Check out the Matrix if you want the reliable reputation of the Corolla with less visual boredom, if you need a urban runabout that's cheap to buy and run, or just because it's logically all you really need in a land of average speeds hovering in the mid-30-mph range. The Matrix doesn't stand out anywhere as much as it provides a useful, better than average package for any purpose short of pickup-sized building materials or a trip to the red carpet. In short, the new Toyota Matrix is a very sensible choice. 

By price and hatchback design, the Matrix slots into multiple categories for cross-shoppers, including roomy compact cars such as the Honda Fit, Nissan Versa, Subaru Impreza, and VW Golf; small vans and crossovers such as the Honda CR-V, Kia Sportage/Hyundai Tucson, Mazda5, Nissan Rogue; and the less-easily categorized Chevrolet HHR, Dodge Caliber, Scion xD, and Suzuki SX4. 


The 2009 Toyota Matrix comes in base, S, S AWD, and XRS models. 

The standard Matrix ($16,190) uses a 1.8-liter engine and five-speed manual gearbox and comes with cloth upholstery, air conditioning, 60/40 split-fold rear seat, AM/FM/CD stereo compatible with MP3/WMA files, input jack and XM satellite radio, tilt-and-telescoping steering wheel, Optitron (electroluminescent) gauges with tachometer, power mirrors, intermittent wipers, engine immobilizer, and cargo cover. A five-speed manual gearbox comes standard, a four-speed automatic transmission is available as a separate model ($17,000). Options include alloy wheels, six-speaker radio upgrade, power locks/windows, keyless entry, cruise control, moonroof, lighter, an all-weather package (heated mirrors, intermittent rear wiper, rear-seat heat ducts), electronic stability control. 
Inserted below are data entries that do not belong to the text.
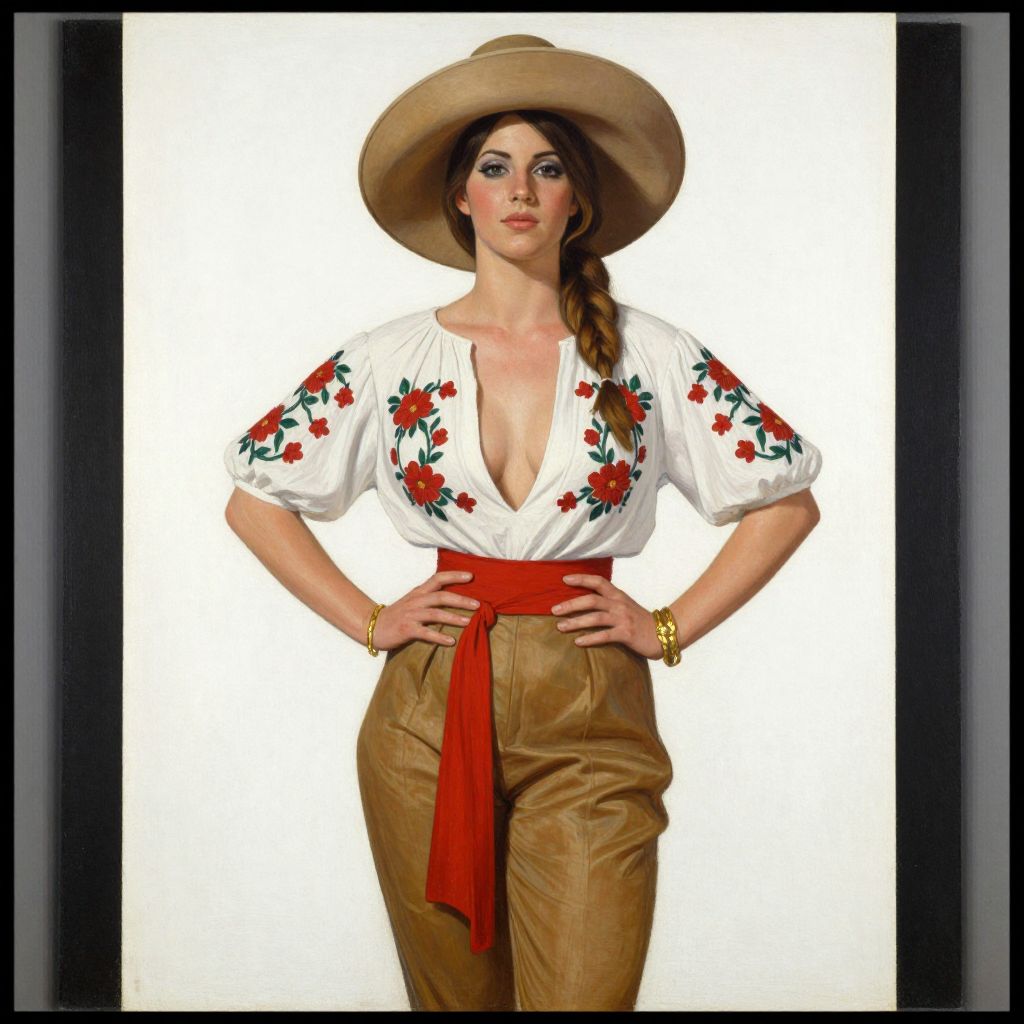 In this Gil Elvgren painting, a woman stands confidently against a stark white background, her figure adorned in a striking ensemble. She wears a wide-brimmed hat, its tan hue complementing her tan pants, which are cinched at the waist with a vibrant red sash. Her white blouse, decorated with red floral embroidery, flows elegantly, revealing a deep neckline that accentuates her décolletage. The blouse is cinched at the waist with a red belt, adding a touch of contrast to the overall earthy tones. Her hands rest on her hips, one adorned with a gold bracelet, while her hair is styled in loose waves, cascading down her back. The painting's composition is balanced, with the woman's figure centrally positioned, drawing the viewer's eye to her confident stance and the intricate details of her attire.
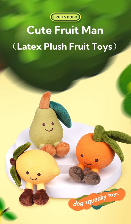 Baabaa Pet Dog Chew Toys for Puppy, Cute Fruity Man Latex and Plush Squeaky Puppy Toys for Teething Small Dogs
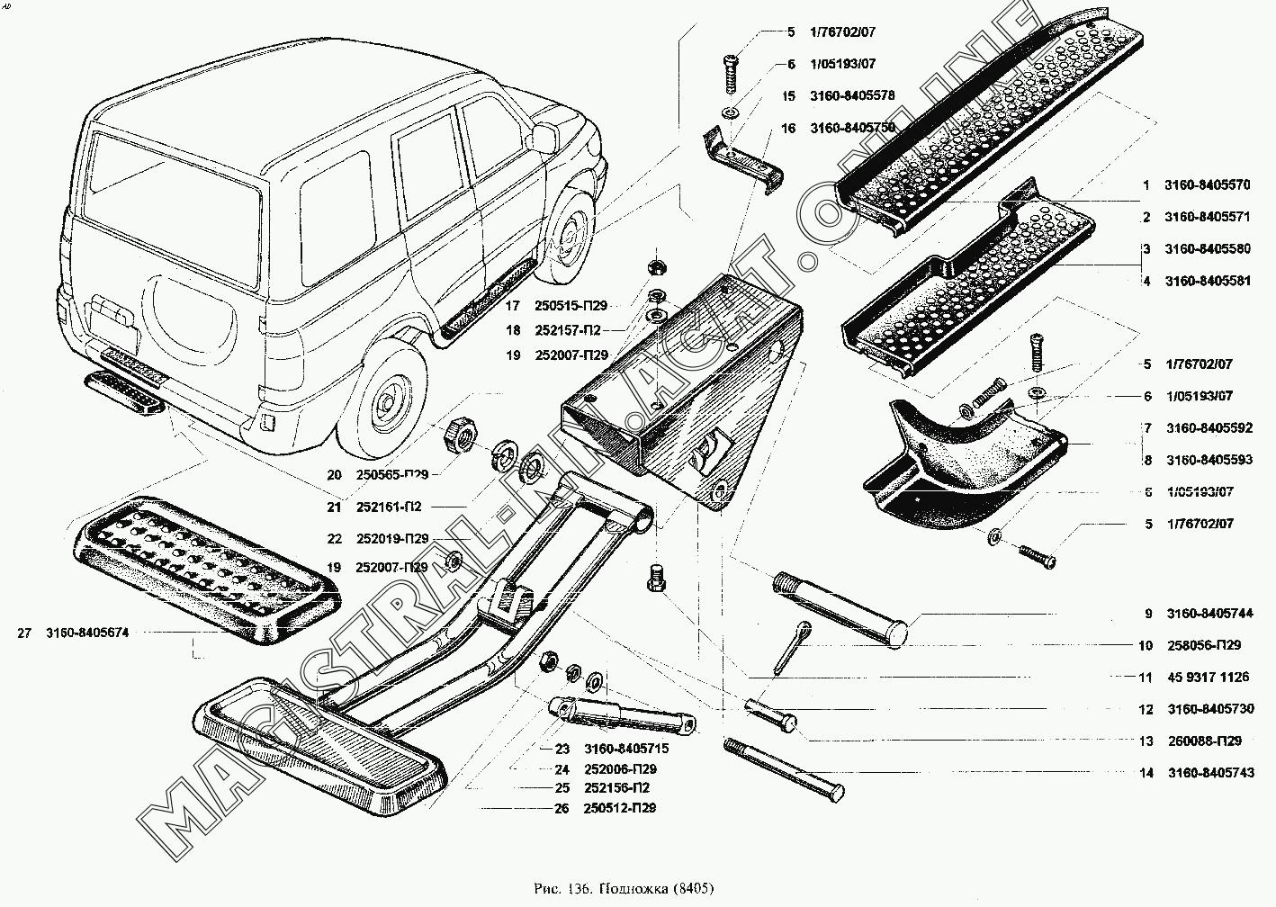 Подножка задняя уаз буханка

Matrix S ($18,260) comes with the 2.4-liter engine and five-speed gearbox. Standard features include the six-speaker radio, power windows/locks, keyless entry and intermittent rear wiper plus a 115-volt AC outlet and larger rear brakes. Options include a JBL sound system or navigation with real-time traffic (you can't have both), moonroof, rear spoiler, cruise control, electrochromic interior mirror w/compass, lighter, 17-inch alloy wheels, the all-weather package, electronic stability control and a five-speed automatic ($19,450). 

Matrix S AWD ($20,400) uses the 2.4-liter engine, a four-speed automatic and all-wheel drive; it also includes a fully independent rear suspension, larger rear brakes, and the all-weather package. Options on the all-wheel drive are similar to S, excepting the all-weather and five-speed automatic. 
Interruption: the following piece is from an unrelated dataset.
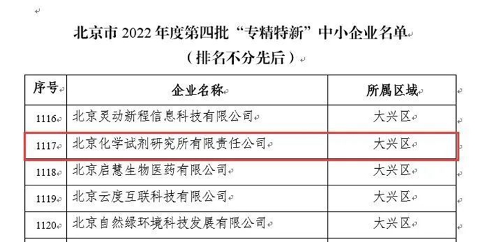 近日,北京市经济和信息化局公布了北京市2022年度第四批北京市“专精特新”中小企业名单,太阳网集团tcy8722集团所属北京化学试剂研究所有限责任公司榜上有名。至此,太阳网集团tcy8722集团已有华腾新材、华腾橡塑以及所属瑞京公司、华腾冀春所属冀春新材料公司、试剂所共5家企业成为省市级“专精特新”企业。

Matrix XRS ($20,660) comes with the 2.4-liter and five-speed manual, plus seat fabric upgrade, 215/45R18 tires on alloy wheels, front strut brace, electronic stability/traction control, three-spoke leather steering wheel, rear spoiler, fog lamps, and the independent rear suspension and big rear brakes. XRS options are limited to the JBL sound system or navigation, moonroof, cruise control, lighter, all-weather, and five-speed automatic transmission ($21,850). 

Safety features that come on all models include front airbags, front side airbags, side curtain airbags, antilock brakes with brake assist, tire pressure monitors, and daytime running lights. Electronic stability control is standard on XRS and optional on others.